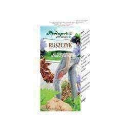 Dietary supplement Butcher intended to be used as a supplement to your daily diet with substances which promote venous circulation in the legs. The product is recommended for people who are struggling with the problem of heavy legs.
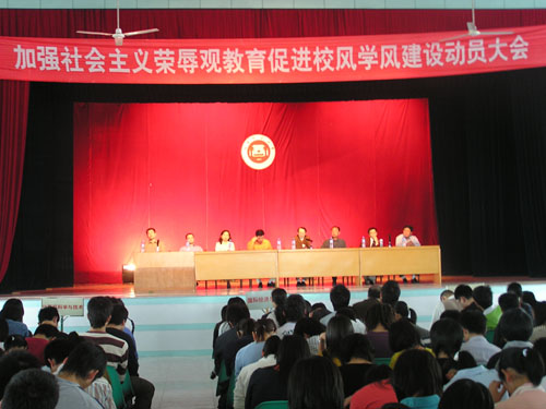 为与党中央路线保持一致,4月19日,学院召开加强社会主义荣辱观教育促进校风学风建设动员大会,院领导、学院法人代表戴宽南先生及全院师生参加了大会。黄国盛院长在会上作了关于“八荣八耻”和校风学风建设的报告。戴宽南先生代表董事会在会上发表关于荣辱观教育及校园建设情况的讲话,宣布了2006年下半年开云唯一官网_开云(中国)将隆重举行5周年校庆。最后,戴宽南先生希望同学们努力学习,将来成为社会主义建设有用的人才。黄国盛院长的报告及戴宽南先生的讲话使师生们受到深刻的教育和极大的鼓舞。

******

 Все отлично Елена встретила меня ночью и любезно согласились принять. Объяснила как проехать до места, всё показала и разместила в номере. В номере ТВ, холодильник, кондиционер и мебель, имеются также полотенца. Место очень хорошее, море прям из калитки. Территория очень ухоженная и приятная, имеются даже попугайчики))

******

Restate word for word every line from the one with "Dietary supplement Butcher" up to and including the one with "为与党中央路线保持一致,4月" in the records above, minus the pictures.

### OUTPUT FOR THIS EXERCISE
 Dietary supplement Butcher intended to be used as a supplement to your daily diet with substances which promote venous circulation in the legs. The product is recommended for people who are struggling with the problem of heavy legs.
 为与党中央路线保持一致,4月19日,学院召开加强社会主义荣辱观教育促进校风学风建设动员大会,院领导、学院法人代表戴宽南先生及全院师生参加了大会。黄国盛院长在会上作了关于“八荣八耻”和校风学风建设的报告。戴宽南先生代表董事会在会上发表关于荣辱观教育及校园建设情况的讲话,宣布了2006年下半年开云唯一官网_开云(中国)将隆重举行5周年校庆。最后,戴宽南先生希望同学们努力学习,将来成为社会主义建设有用的人才。黄国盛院长的报告及戴宽南先生的讲话使师生们受到深刻的教育和极大的鼓舞。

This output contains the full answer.